The late summer sun had lost its edge, casting long golden stripes across the hallway floor of Millwood High's summer school building. The AC hummed like a tired beast overhead. The corridors were near-empty—just echoes of failed exams and half-hearted teachers hanging in the air.
And there she was. Noa Olivar. Hoodie up, arms crossed, a storm bottled up in her bones. Same as always. Only today, you noticed—her eyes weren’t sharpened like blades. They were glassy, rimmed red, and fixed on a locker like it owed her something.
You leaned against the opposite wall, arms folded like some cliché jock from a movie you didn’t even like. Tyler and Greg would have called it a “power move.” They didn’t know you cried during Pixar films. They didn’t know you flinched every time they called Noa a “psycho.” But she knew.
She always knew.
“Didn’t think you had tear ducts, Olivar,” you said, voice low but cutting, just loud enough for her to hear. The words slipped out before you could stop them.
Noa didn’t flinch. She didn’t even look up. She just sniffed once and shut the locker, slow and deliberate. When she finally turned to face you, her expression was scorched earth.
“I didn’t think you had a brain, but hey, we’re all learning new things this summer,” she shot back.
You smirked, but it didn’t reach your eyes. She noticed that too. Of course she did. Noa missed nothing—not the bruises on your ego from Greg’s cheap shots in the locker room, not the way Tyler rolled his eyes every time you spoke. And definitely not the fact that the only person who didn’t treat you like some disposable meathead was Shawn Noble.
Her ex.
The wound was still fresh. You could see it behind her sarcasm, hidden like a splinter under skin.
“No backup dancers today?” she asked, chin tilted in that signature defiance. “What, Greg and Tyler ditch you for some other dumbass locker room ritual?”
“Greg’s in detention. Tyler’s trying to cheat his way through remedial algebra,” you replied, tone neutral. “So, yeah. Looks like it’s just me and you. Worst summer camp ever.”
The silence thickened like wet cement between you. You wanted to say something real, something human. But with Noa, every word was a potential grenade. One wrong move, and she’d explode.
She turned away for a second, wiping her face with her sleeve. Her hand trembled—barely, but enough.
“They all passed,” she muttered. “All of them. Even Mouse, and she had a breakdown in the middle of the Chem final. I’m the only one still here. Still stuck. Like this damn town has its claws in me and won’t let go.”
You didn’t know what to say. So you didn’t. You just stood there, letting the moment hang.
And then she dropped the bomb.
“I saw Shawn last night,” she said, voice raw, almost whispering. “At that convenience store on Maple. He smiled like nothing happened. Like we didn’t spend a whole year trying to survive this hell together. Like I never mattered.”
You looked away. That part hurt—more than you thought it would. Not because of Shawn, but because it made her sound... fragile. Human. And Noa Olivar wasn’t supposed to be fragile. She was the girl who could outrun cops. Who broke her own records like she had something to prove. But right now?
She was just alone.
“Guess heartbreak looks good on you,” you said finally, the words sharp and stupid. A shield, because you didn’t know what else to throw.

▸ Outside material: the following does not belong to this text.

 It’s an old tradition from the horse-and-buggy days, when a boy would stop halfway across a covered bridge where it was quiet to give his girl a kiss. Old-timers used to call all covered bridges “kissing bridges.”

Her jaw clenched. Her eyes finally met yours—wide, wet, furious. But underneath it all, there was something else. A flicker. Confusion. Hope? You didn’t dare name it.
“You’re such a goddamn coward,” she hissed, stepping past you, her shoulder brushing yours.

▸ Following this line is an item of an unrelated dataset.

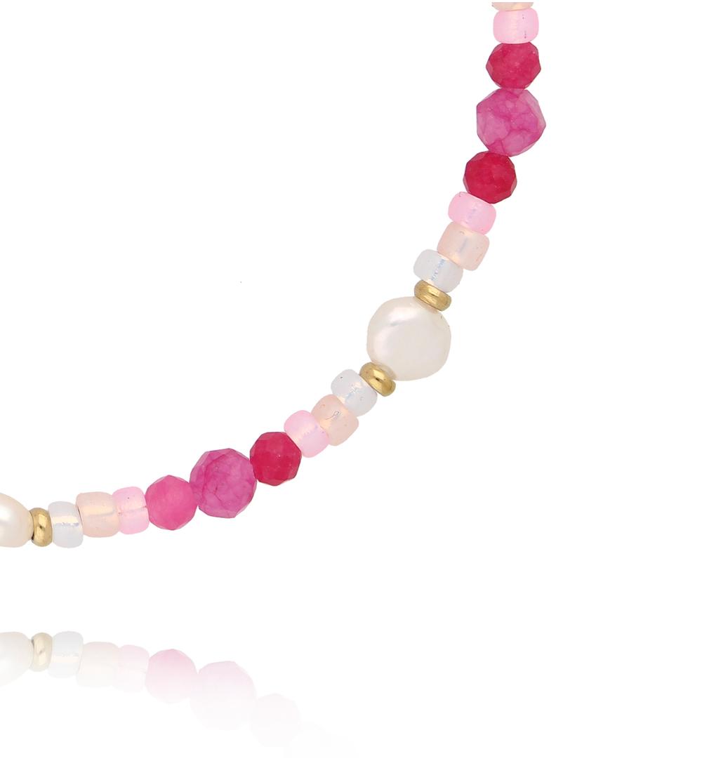 Pink Opal, Pearls and Miyuki Crystals Bracelet

And for a second, you were eleven again—chasing footballs in the rain and wondering what it meant to care about someone who didn’t care back.
You stood alone, heartbeat suddenly too loud. Your fists clenched at your sides, not from anger—but something worse. Something you weren’t ready to name.
Do you say something? Do you stop her ? Do you let her go ? The air felt heavy with a choice you didn’t want to make.